Peki, tarihsel bir belge veya metin için aynı şeyi söyleyebilir miyiz?
Bu nasıl bir sorumsuzluktur ki, bir kısım resmi zevat ve siyasetçi, bu yalan metni gerçekmiş gibi kabul ediyor ve orda burada okuyor?
Bu nasıl bir sorumsuzluktur ki, ders kitaplarında bu metin gerçekmiş gibi yer alabiliyor?
Osmanlı’nın kuruluşundan neredeyse 100 yıl sonrasına kadar yazılı belge yok. Osmanlı’nın nasıl kurulduğunun tam bir belgesel dayanağı da yok. Ders kitaplarında Osmanlı’nın 1299 yılında kurulduğu yazılı iken, Osmanlı tarihçisi Halil İnalcık, bu tarihin 1300 olduğunu söylüyor.
Şeyh Edebali’nin ve Osman Gazi’nin okuryazar olduğu bile şüpheli.
Kendine özgüveni olmayan, aşağılık kompleksi taşıyan toplumlarda böylesi belgeler uydurulur.

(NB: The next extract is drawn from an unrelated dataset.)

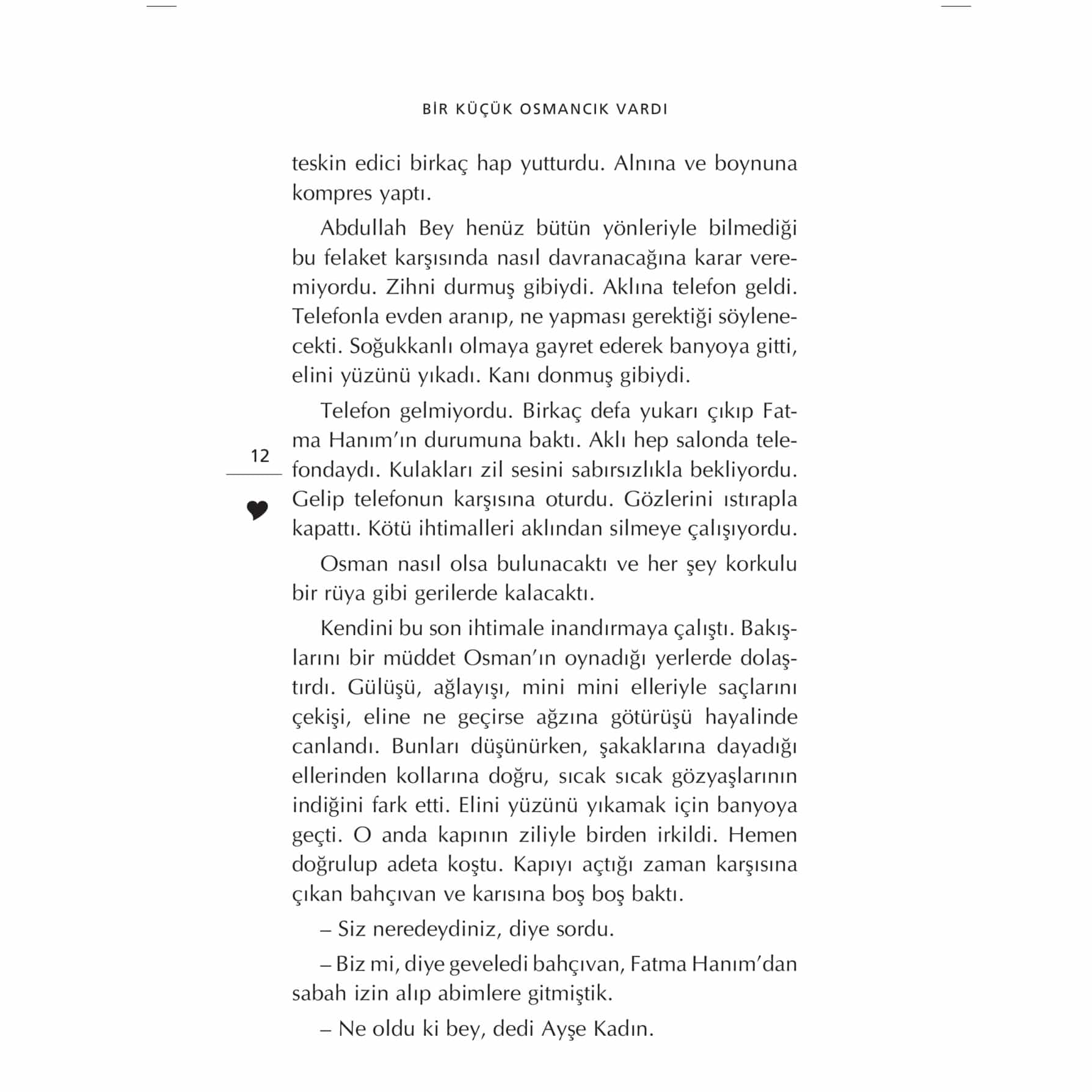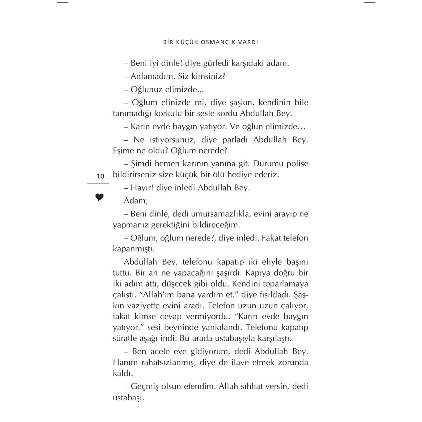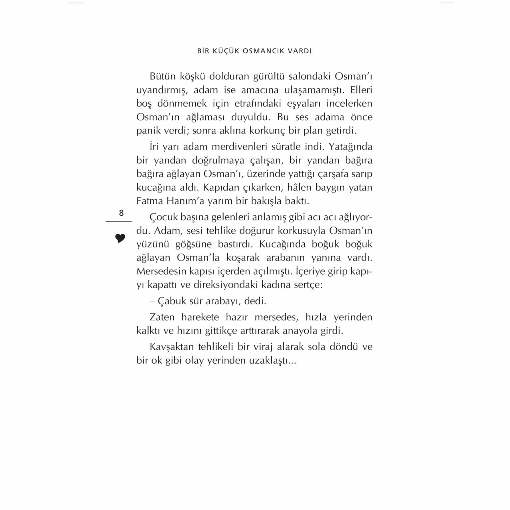 Osmancık, ailenin biricik çocuğudur. Kötü emellerine yenik düşmüş, gözlerini para hırsı bürümüş bir çete tarafından kaçırılır. Ailesi Osmancığın hayatından çok endişe etmektedir. Bir an evvel biricik yavrularına kavuşmak isterler ve bunun için ne gerekiyorsa yapmaya hazırdırlar. Fakat bunu yapmak o kadar kolay olacak mı?Masum ve korumasız bir çocuk olan Osmancık, onu çok seven ailesine kavuşabilecek mi?“Bir Küçük Osmancık Vardı” bir solukta okunacak heyecan dolu, duygu yüklü bir ilk gençlik romanı...
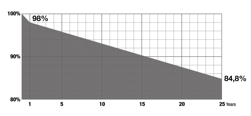 Garantáljuk a napelem teljesítményét egészen 25 évig a 84,8 % teljesítményt.

İdeal bir geçmiş kurgulayarak şanlı bir tarih yaratmaya çalışanlar, aynı zamanda iktidarın zulümlerini gizlemeye yarayan perdeler üretirler.
Bu öğüt metninde güzel dizeler var.
Ancak bu metni bir muktedir okursa, aslında ne kadar hoşgörülü, ne kadar merhametli, ne kadar adaletli olduğunun bir göstergesi olarak algılanmasını istediği için okur! Ben güçlüyüm, ben iktidarım, ben muktedirim ama bilin ki ben haddimi bilir ve gücün şımarıklığına kapılmam der gibidir! Benim atalarım böyleymiş, ben de atalarıma yaraşır biri olacağım der gibidir!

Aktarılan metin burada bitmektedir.